The novel is based upon the mythology presented in The Tibetan Book of the Dead, a religious text of Bön mythology translated as a Buddhist metaphor (Presumably originally by Padma-Sambhava). The novel itself uses summaries of the ideas of this classic text as allegory, and structure.

The jati moves through the bardo and subsequent reincarnations. They are a group of souls that were created at the beginning of this karmic age together "floating together as dandelion seeds on the wind", generally finding each other in every life. Moving through incarnations as a family, together.

The plot of the novel, and the history created in it, mirrors the jati's spiritual journey towards enlightenment, improving themselves through reincarnations. This is also the journey of civilization reaching for enlightenment itself, through technology, spirituality, and social science, among other things. Each stage is told in a different manner that closely matches the views of the lives that the jati must endure in their trials of the human-world. What happens to the jati is echoed in the struggling contemporary societies that they live in.

(p. 84) Kyu and Bold in the Bardo:

"It's a miracle you can find me here.
"No. We always meet in the bardo. We will cross paths for as long as the six worlds turn in this cycle of the cosmos. We're part of a karmic jati."(Kim Stanley Robinson)

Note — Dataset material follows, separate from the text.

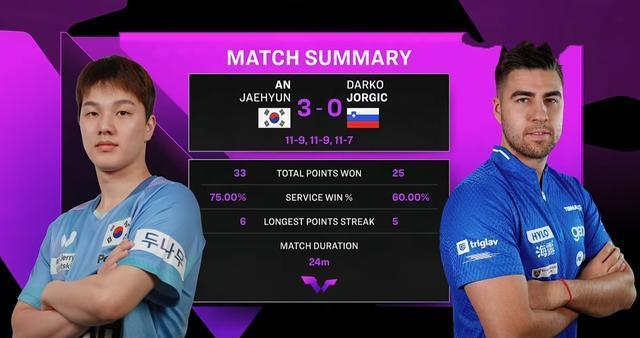 世界排名第29的日本选手宇田幸矢,在0-2落后的情况下连赢三局,逆转了世界排名第16的德国名将杜达;世界排名第25的韩国选手安宰贤,以3-0的比分完胜世界排名第14的斯洛文尼亚名将达科。男单的这两场1/16决赛结束后,获胜的都是世界排名比较低的球员。

In The Years of Rice and Salt the author generally has the characters meet in the Chönyid Bardo, where "the deceased is, unless otherwise enlightened, more of less under the delusion that although he is deceased he still possesses a body like the body of flesh and blood. When he comes to realize that really he has no such body, he begins to develop an overmastering desire to possess one; and, seeking for one, the karmic predilection enters into the Third Bardo of seeking Rebirth, and eventually, with his rebirth in this or some other world, the after-death state comes to an end." (W.Y. Evans-Wentz, editor, The Tibetan Book of the Dead.) This state changes with the perceptions of the recently dead that pass through it, so with each incarnation, the jati encounters a different bardo. Early on in the novel, it is fear that drives the jati to their womb, to which they run and hide. Later in the novel it is portrayed as a hopeless Chinese bureaucracy.

Certainly a landmark novel, as I tend to think with each subsequent novel from this author. The novel goes beyond it's genre and expectation.

(edited to remove "spoilers". If you haven't read it by now, that's just too bad.)

[ May 29, 2008, 11:43 AM: Message edited by: eslaine ]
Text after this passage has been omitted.